* _WORK ITEM_:
Skip the pictures. Quote every line below, exactly, from the one with "โดย นุ๊ก โพสต์ข้อความว่า" through the final line.

Source records
_ _ _ _ _ _ _

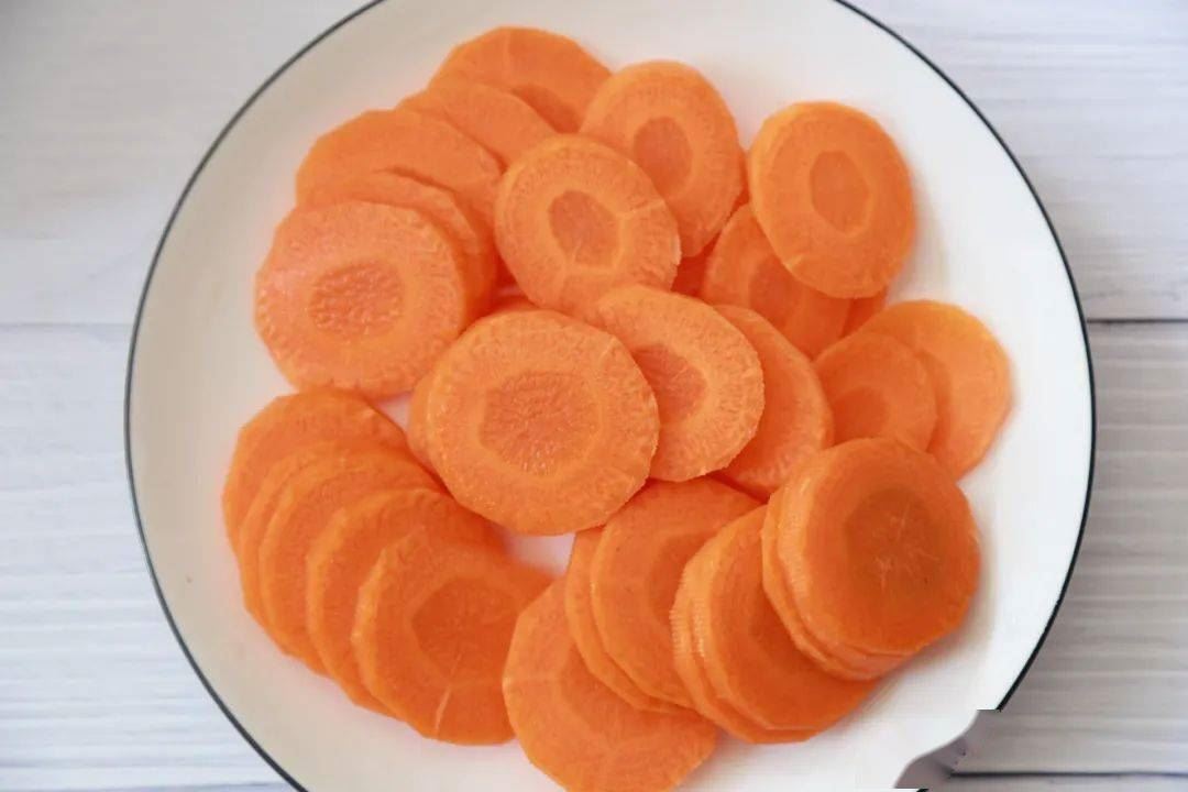 ①将胡萝卜去皮洗净,然后用刀切成薄厚均匀的片状,切好后将胡萝卜片放入蒸锅中,蒸熟变软后就可以盛出了。
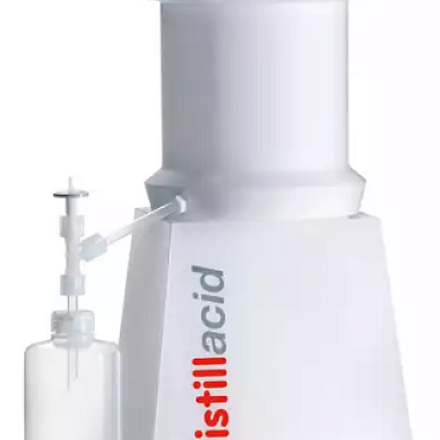 Система предназначена для получения ультрачистых кислот дистилляцией при температуре ниже температуры кипения. Установка изготовлена только из кислотоустойчивых полимеров.
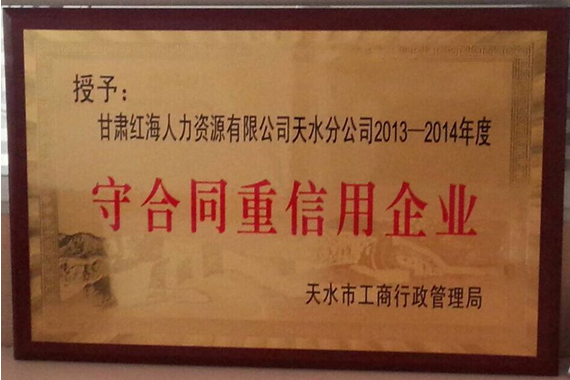 經(jīng)過一個多月的評選,甘肅紅海人力資源有限公司天水分公司在評選企業(yè)中脫穎而出,成為本地人力資源行業(yè)中唯一一家獲此榮譽的企業(yè)。天水市工商行政管理局于2月4日授予甘肅紅海人力資源有限公司天水分公司 “2013-2014年度守合同重信用企業(yè)”榮譽稱號。
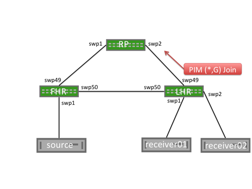 As the unencapsulated multicast packet travels down the (*,G) tree towards the interested receivers, at the same time, the RP sends a PIM (S,G) join towards the FHR. This builds an (S,G) state on each multicast router between the RP and FHR.
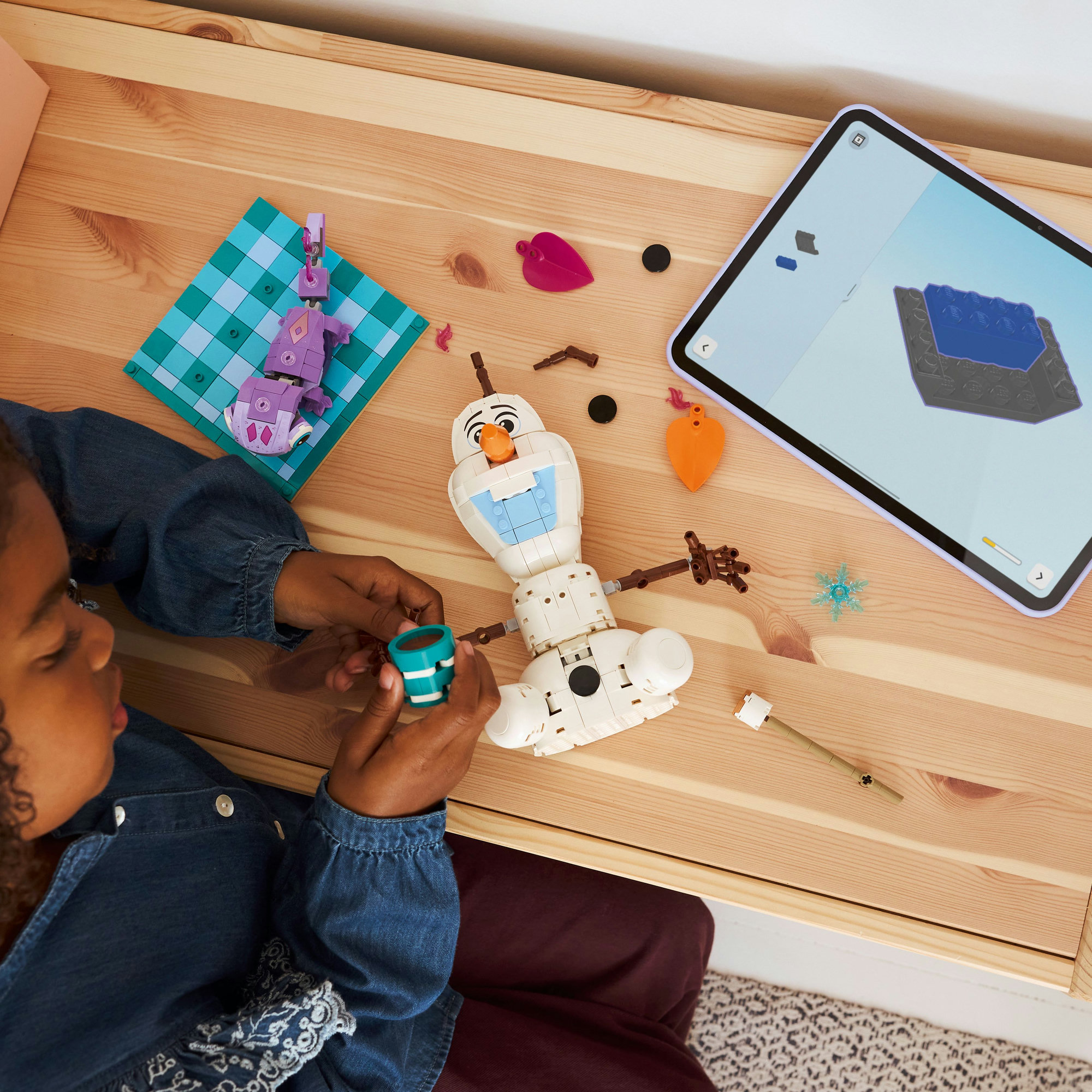 Størrelse – LEGO® ǀ Disney byg-selv-sættet med 478 elementer omfatter karakteren Olaf på et picnictæppe, og modellen er over 23 cm høj, 20 cm bred og 15 cm dyb.
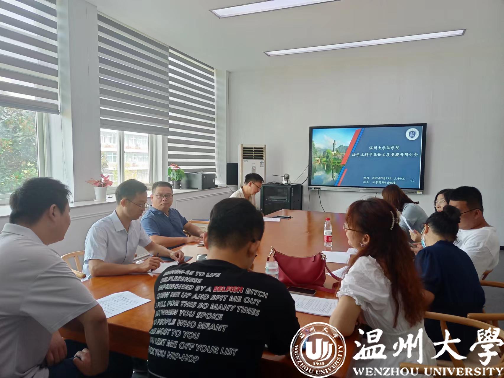 2022年9月23日上午,禁漫天堂 法学系和国际法系召开法学本科毕业论文质量提升研讨会,副院长周湖勇,相关专业负责人、系主任、教务科科长师和部分教师代表参加了会议。会议由李勇军老师主持。
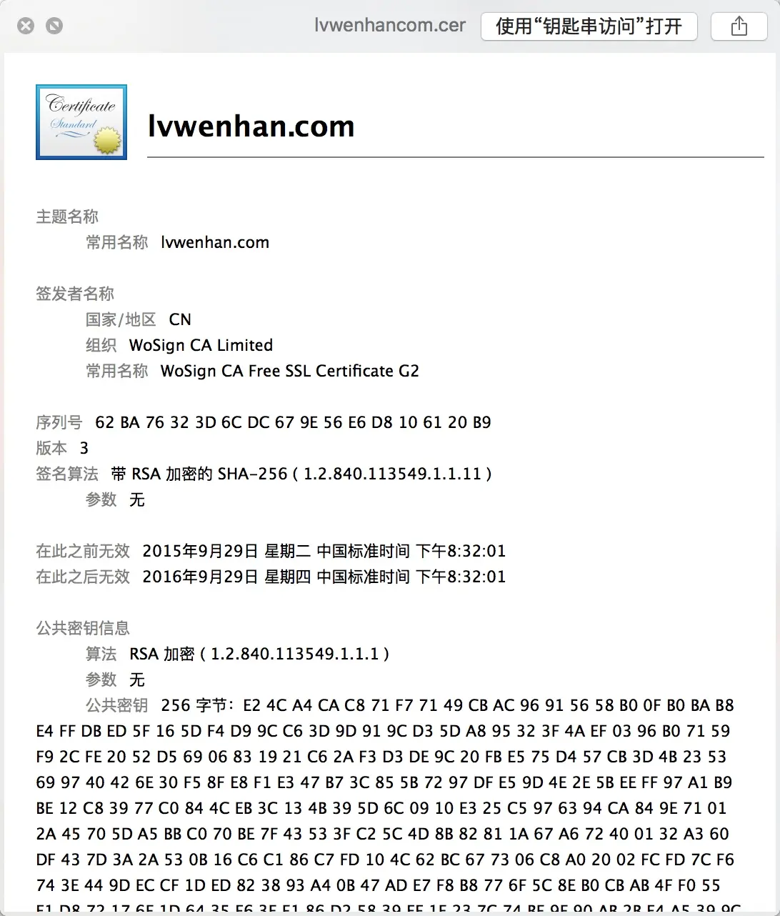 -----BEGIN CERTIFICATE-----MIIErzCCA5egAwIBAgIQYrp2Mj1s3GeeVubYEGEguTANBgkqhkiG9w0BAQsFADBVMQswCQYDVQQGEwJDTjEaMBgGA1UEChMRV29TaWduIENBIExpbWl0ZWQxKjAoBgNVBAMTIVdvU2lnbiBDQSBGcmVlIFNTTCBDZXJ0aWZpY2F0ZSBHMjAeFw0xNTA5MjkxMjMyMDFaFw0xNjA5MjkxMjMyMDFaMBcxFTATBgNVBAMMDGx2d2VuaGFuLmNvbTCCASIwDQYJKoZIhvcNAQEBBQADggEPADCCAQoCggEBAOJMpMrIcfdxScuslpFWWLAPsLq45P/b7V8WXfTZnMY9nZGc012olTI/Su8DlrBxWfks/iBS1WkGgxkhxirz096cIPvlddRXyz1LI1Npl0BCbjD1j+jx40e3PIVbcpff5Z1OLlvu/5ehub4SyDl3wIRM6zwTSzldbAkQ4yXFl2OUyoSecQEqRXBdpbvAcL5/Q1M/wlxNi4KBGmemckABMqNg30N9OipTCxbGwYbH/RBMYrxncwbIoCAC/P189nQ+RJ3szx3tgjiTpAtHref4uHdvXI6wy6tP8FXh2HIXbx1kNfY+8YbSWDnvHiN8dL+fkKsr5KU5nNG54KGkdOdlljkCAwEAAaOCAbcwggGzMAsGA1UdDwQEAwIFoDAdBgNVHSUEFjAUBggrBgEFBQcDAgYIKwYBBQUHAwEwCQYDVR0TBAIwADAdBgNVHQ4EFgQUkjyOi+6xj5KkgATKLXS12K9xSvMwHwYDVR0jBBgwFoAU0qcWIHyv2ZWe60MKGfLguXQOqMcwfQYIKwYBBQUHAQEEcTBvMDQGCCsGAQUFBzABhihodHRwOi8vb2NzcDEud29zaWduLmNvbS9jYTYvc2VydmVyMS9mcmVlMDcGCCsGAQUFBzAChitodHRwOi8vYWlhMS53b3NpZ24uY29tL2NhNi5zZXJ2ZXIxLmZyZWUuY2VyMD0GA1UdHwQ2MDQwMqAwoC6GLGh0dHA6Ly9jcmxzMS53b3NpZ24uY29tL2NhNi1zZXJ2ZXIxLWZyZWUuY3JsMCkGA1UdEQQiMCCCDGx2d2VuaGFuLmNvbYIQd3d3Lmx2d2VuaGFuLmNvbTBRBgNVHSAESjBIMAgGBmeBDAECATA8Bg0rBgEEAYKbUQYBAgIBMCswKQYIKwYBBQUHAgEWHWh0dHA6Ly93d3cud29zaWduLmNvbS9wb2xpY3kvMA0GCSqGSIb3DQEBCwUAA4IBAQApspu1V2KlscwQints4zqm6xnfoXkjZJjaanXmbOER8iRd1hmzN6vRYcOJ2t0QmkjBisRgi4ffJVZ9QF30LzmaZYg+PQUX15CxDlG9XTRB6ufqdlsGdc44NqGdHuo8uIsko1MjubS8mQw7ClLc4VEvP2KUBZFgaenfG6Y8v5DWWV+NfiCkmCMFXu6nbqEvEf+ev3arnaQSiDhH98Y+ivysKu8aYlsb2VsRaF8e9bMvE2PgfZCg93lSou/vQS1VUED7ih5lLb2CQqW8ksMpXKK1E/BNFR7GR8i1NfL15KdIGUmsklT60vooRd7zM9ai8vtmkg9xykwpgUPbTjcdmRAb-----END CERTIFICATE-----
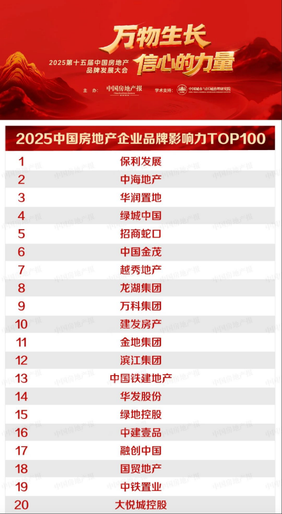 近日,由中国房地产报、中国城市与区域治理研究院主办的“万物生长 信心的力量——2025第十五届中国城市发展及房地产创新大会”在北京召开,会上隆重发布了“2025年中国房地产行业品牌影响力百强榜”,融创中国位列民营房企前三名。
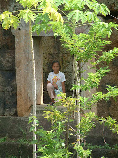 Coming back from the quicky mart. One of the fun things about this trip was; a lot of the trees had some sort of fruit on them. The girls where excited to find this vine in one of the fallen walls of the temple.
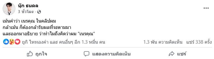 โดย นุ๊ก โพสต์ข้อความว่า “เม้นคำว่า เนรคุณ ในคลิปผมกล้าเม้น ก็ต้องกล้ารับผลที่จะตามมา และออกมาอธิบาย ว่าทำไมถึงคิดว่าผม เนรคุณ”
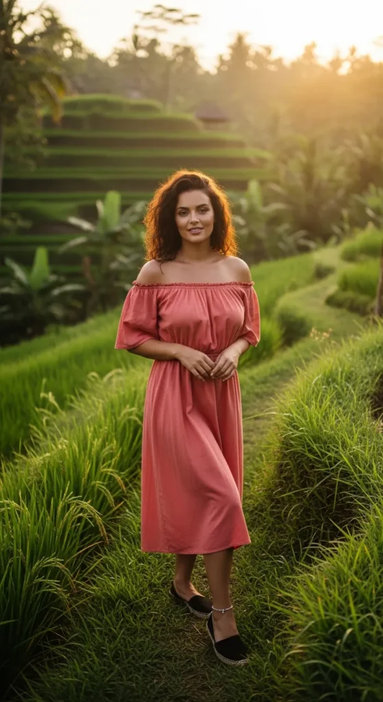 Stylist Suggestion: Style with flat espadrilles and a delicate anklet. Exposed shoulders and subtle accessories keep the look feminine and light, ideal for Bali’s warm, breezy climate.

_ _ _ _ _ _ _

* _RESULT_:
 โดย นุ๊ก โพสต์ข้อความว่า “เม้นคำว่า เนรคุณ ในคลิปผมกล้าเม้น ก็ต้องกล้ารับผลที่จะตามมา และออกมาอธิบาย ว่าทำไมถึงคิดว่าผม เนรคุณ”
 Stylist Suggestion: Style with flat espadrilles and a delicate anklet. Exposed shoulders and subtle accessories keep the look feminine and light, ideal for Bali’s warm, breezy climate.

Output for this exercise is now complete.